Comparison of Laryngeal Mask Airway insertion score following Propofol-Ketamine vs Propofol-Fentanyl vs Propofol-Dexmedetomidine Anaesthesia in patients undergoing short surgical procedures.
Overview
- Phase
- Phase 4
- Status
- Not yet recruiting
- Sponsor
- Bharat Ratna Late Shri Atal Bihari Vajpayee Memorial Medical College, Rajnandgaon
- Enrollment
- 75
- Locations
- 1
- Primary Endpoint
- LMA insertion score (In terms of mouth opening/jaw relaxation , ease of insertion and patient’s response such as swallowing, coughing/gagging, patient movement and laryngospasm).
Overview
Brief Summary
Study Title : Comparison of Laryngeal mask airway insertion score following Propofol-Ketamine vs Propofol-Fentanyl vs Propofol- Dexmedetomidine anaesthesia in patients undergoing short surgical procedures.
Rationale: Insertion of laryngeal mask airway (LMA) requires sufficient depth of anesthesia for jaw muscles to relax and suppression of airway reflexes for the device to be tolerated within the hypopharynx without undue coughing, gagging, and patient movement. Such conditions are provided by a generous dose of an intravenous (IV) anesthetic induction agent.
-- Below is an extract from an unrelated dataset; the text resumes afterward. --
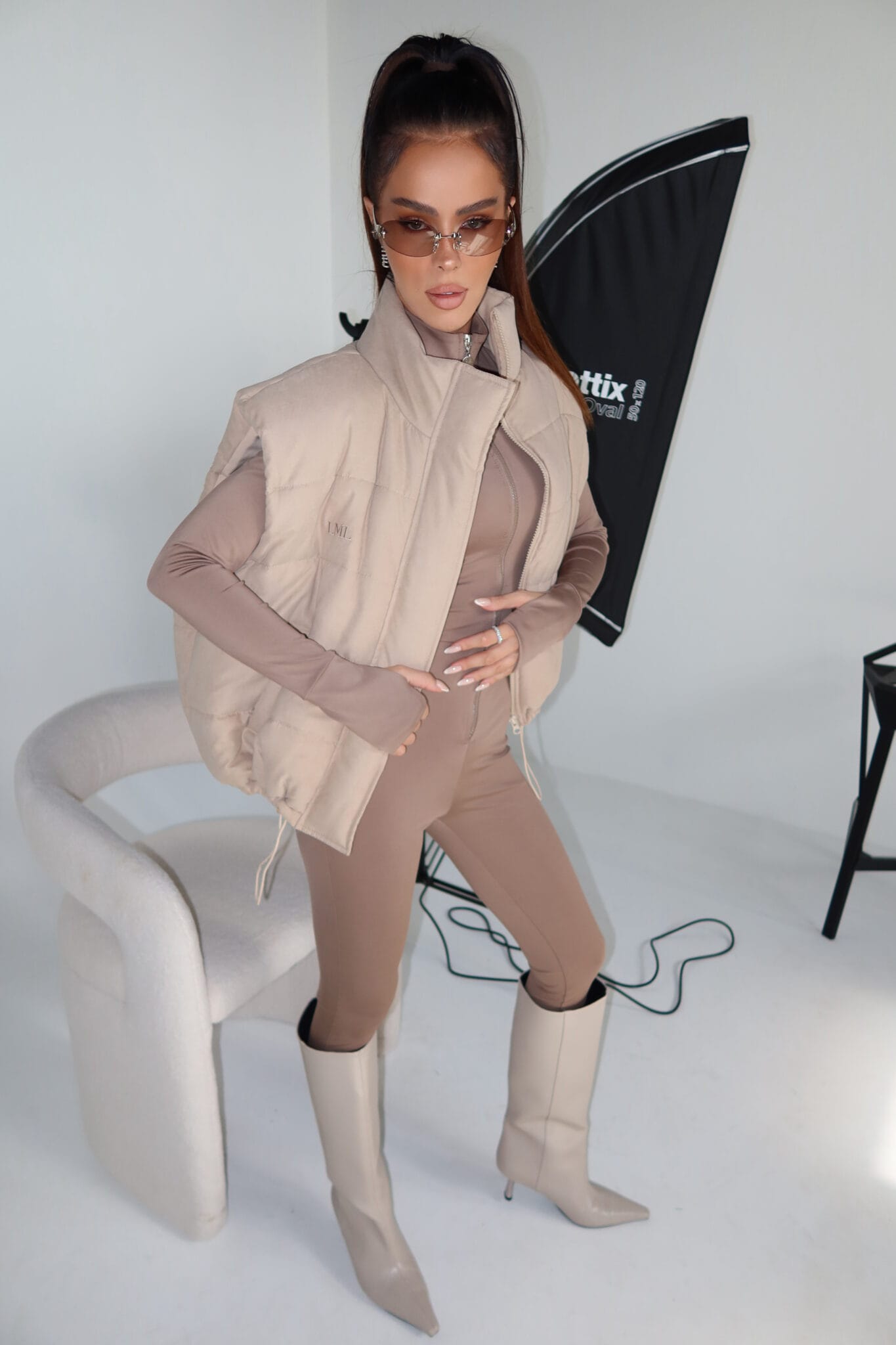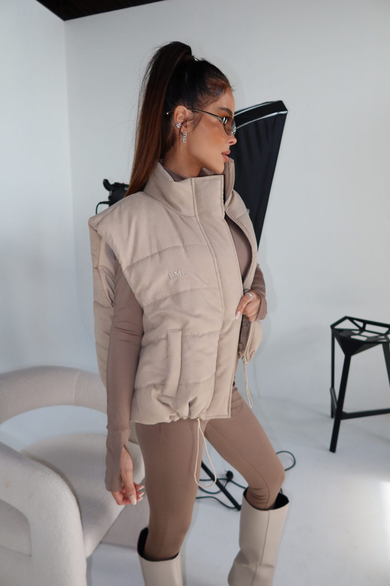 Pikowany bezrękawnik o przeskalowanym fasonie, który robi całą stylizację. Wyraźnie zabudowany kołnierz typu stójka dodaje charakteru i chroni przed chłodem. Model zapinany na zamek, z bocznymi kieszeniami i haftowanym logo LML z przodu. Wypełnienie nadaje mu miękkości i objętości, a zaokrąglony dół z regulacją pozwala dopasować długość i kształt do sylwetki. Idealny do noszenia na dopasowane bazy – tworzy mocny, streetowy look. Pasuje od rozmiaru XS do XL.Skład: 90% poliester 10% nylon

Propofol itself does not have analgesic activity and when used alone, the high doses required for induction may cause adverse cardiovascular effects.
In this study we are comparing three drug combinations namely Propofol-Ketamine, Propofol-Fentanyl , Propofol-Dexmedetomidine that which drug combination provides better LMA insertion conditions.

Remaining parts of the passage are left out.